Saved data entries

○ ○ ○

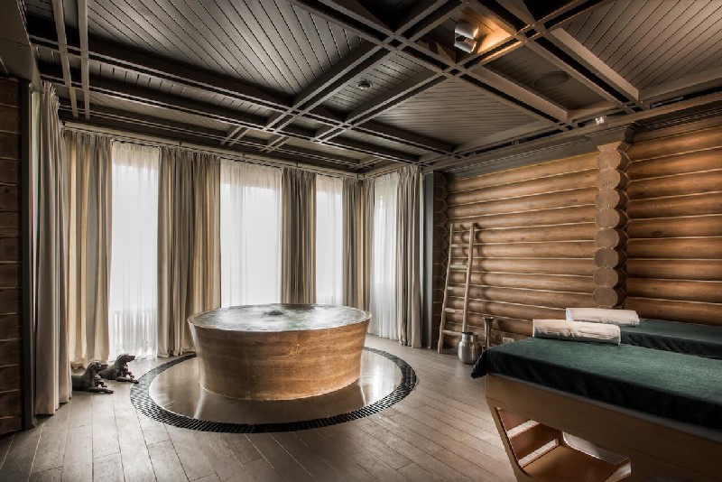В спа-центре, который находится в даче Шелепина, можно пройти процедуры массажа для тела, пилинга для лица, ароматерапии, а также расслабиться в комнате отдыха с камином.
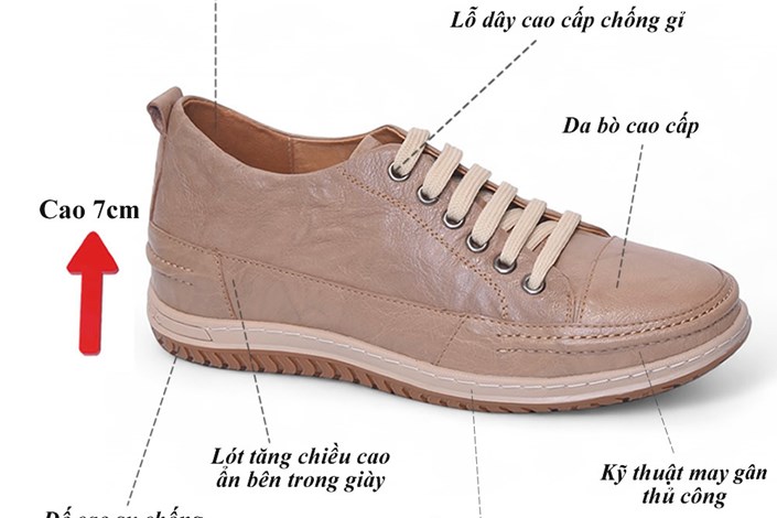 Giày cao nam 7cm thể thao đế khâu
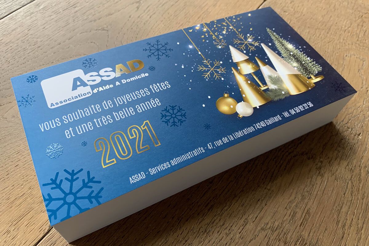 - Impression quadri sur papier couché mat 350g & Finition vernis sélectif
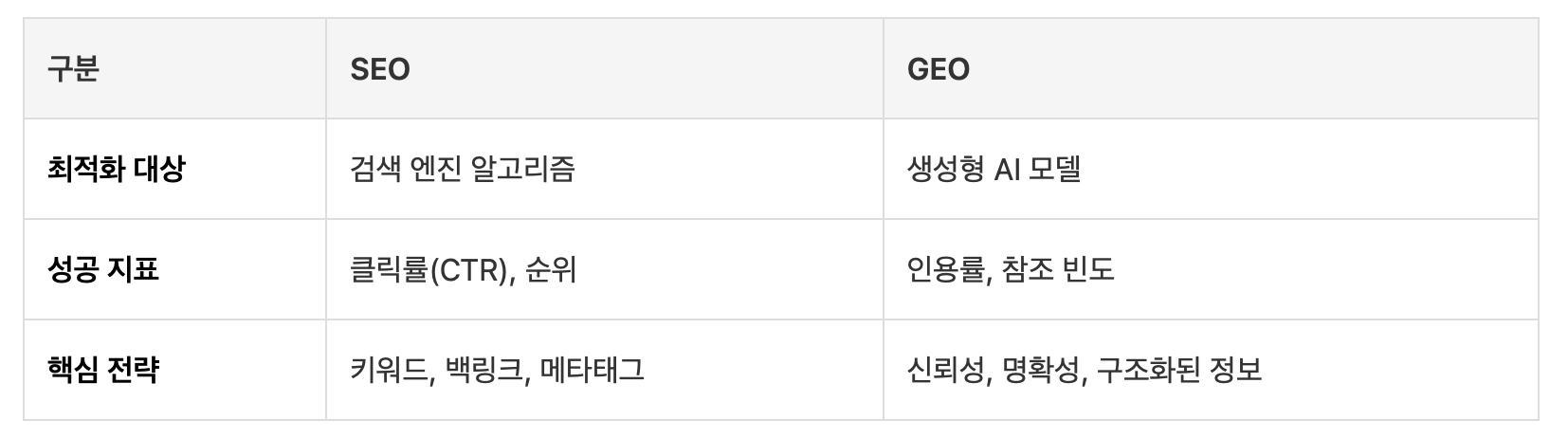 이러한 패러다임 변화 속에서 어떤 콘텐츠가 생성형 엔진에 의해 인용되고 추천되는지가 중요해졌습니다. 이제 기존의 검색엔진최적화(SEO)만으로는 이러한 변화에 효과적으로 대응하기 어려워졌고, 이 때문에 생성형 엔진 최적화, GEO(Generative Engine Optimization)라는 새로운 개념이 등장하게 되었습니다.
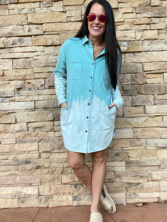 Tie Dye Shirt Dress, Blue
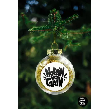 No pain no gain, Transparent Christmas tree ball ornament with gold filling 8cm

○ ○ ○

WHAT TO PRODUCE
Copy out the data exactly and keep the pictures out.

ANSWER SPACE
В спа-центре, который находится в даче Шелепина, можно пройти процедуры массажа для тела, пилинга для лица, ароматерапии, а также расслабиться в комнате отдыха с камином.
 Giày cao nam 7cm thể thao đế khâu
 - Impression quadri sur papier couché mat 350g & Finition vernis sélectif
 이러한 패러다임 변화 속에서 어떤 콘텐츠가 생성형 엔진에 의해 인용되고 추천되는지가 중요해졌습니다. 이제 기존의 검색엔진최적화(SEO)만으로는 이러한 변화에 효과적으로 대응하기 어려워졌고, 이 때문에 생성형 엔진 최적화, GEO(Generative Engine Optimization)라는 새로운 개념이 등장하게 되었습니다.
 Tie Dye Shirt Dress, Blue
 No pain no gain, Transparent Christmas tree ball ornament with gold filling 8cm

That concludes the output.